_MATERIAL PROVIDED_
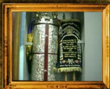
מזבוח: ספרי התורה שהכניסה האגודה לבית הכנסת שבבית הכנסת אורחים במזבוח
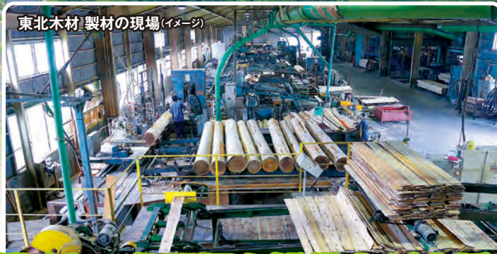
東北木材 製材の現場 (イメージ)
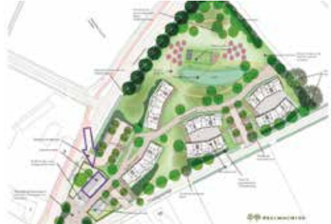
Bovenaanzicht van plan Peelwachter met een pijl is de nieuwe locatie van de Huisartsenpraktijk Ospel aangegeven.

Tot de verhuizing Waatskamp 4 Tot de verhuizing blijft de praktijk aan de Waatskamp 4 in Ospel open. Dokter Wilbert Sluiter blijft samen met een nieuwe vrouwelijke collega het vaste aanspreekpunt. De patiënten die ingeschreven staan bij de praktijk hoeven zich niet over te laten schrijven en verhuizen automatisch mee. Het team van de groepspraktijk is dankbaar voor alle jaren dat Ineke Husaarts zich heeft ingezet voor de praktijk en voor Ospel.
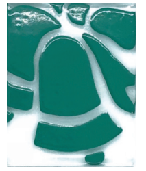
VERDE CESPED 16
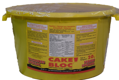
CAKE BLOC Ferien Spezial

Deshalb macht der CAKE BLOC Ferien Spezial sowohl für die trächtige Kuh, wie auch für das Kalb Sinn. ■
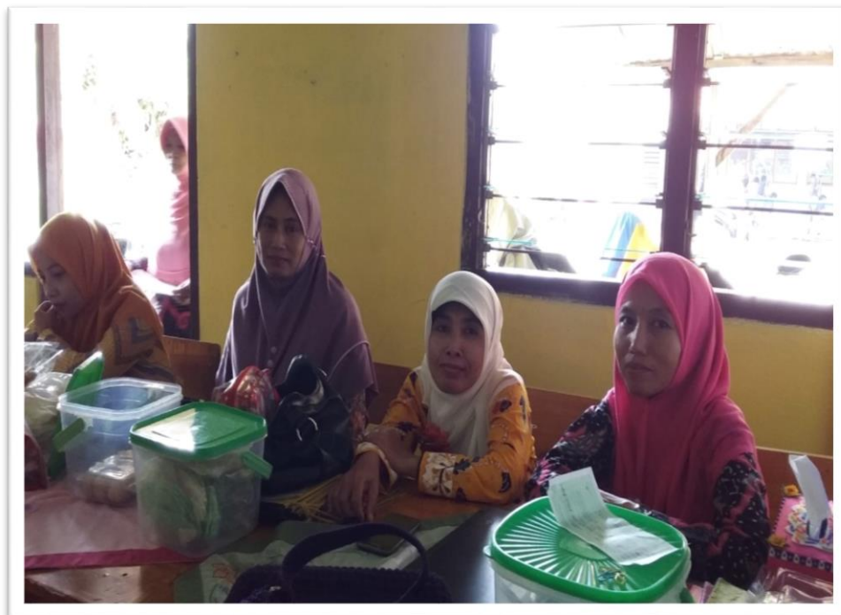
Gambar.2 Foto Bersama Teman Sejawat
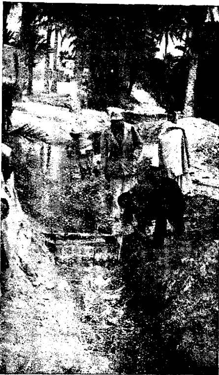
3. — Ouverture à 96 cm. 5 du déversoir placé à l'amont de la séguia de Fatnassa

Les opérations ont été conduites avec le plus grand soin par :
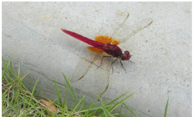
ショウジョウトンボ
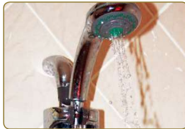
الِاغْتِسَالُ خَاصَّةً يَوْمَ الْجُمُعَةِ
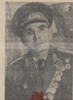
ками милиции, передовиками службы.

_REQUIRED ACTION_
Your output should be the lines from the line containing "3. — Ouverture" through the last line of the listing above, restated exactly, with no pictures among them.

_ANSWER_
3. — Ouverture à 96 cm. 5 du déversoir placé à l'amont de la séguia de Fatnassa

Les opérations ont été conduites avec le plus grand soin par :
ショウジョウトンボ
الِاغْتِسَالُ خَاصَّةً يَوْمَ الْجُمُعَةِ
ками милиции, передовиками службы.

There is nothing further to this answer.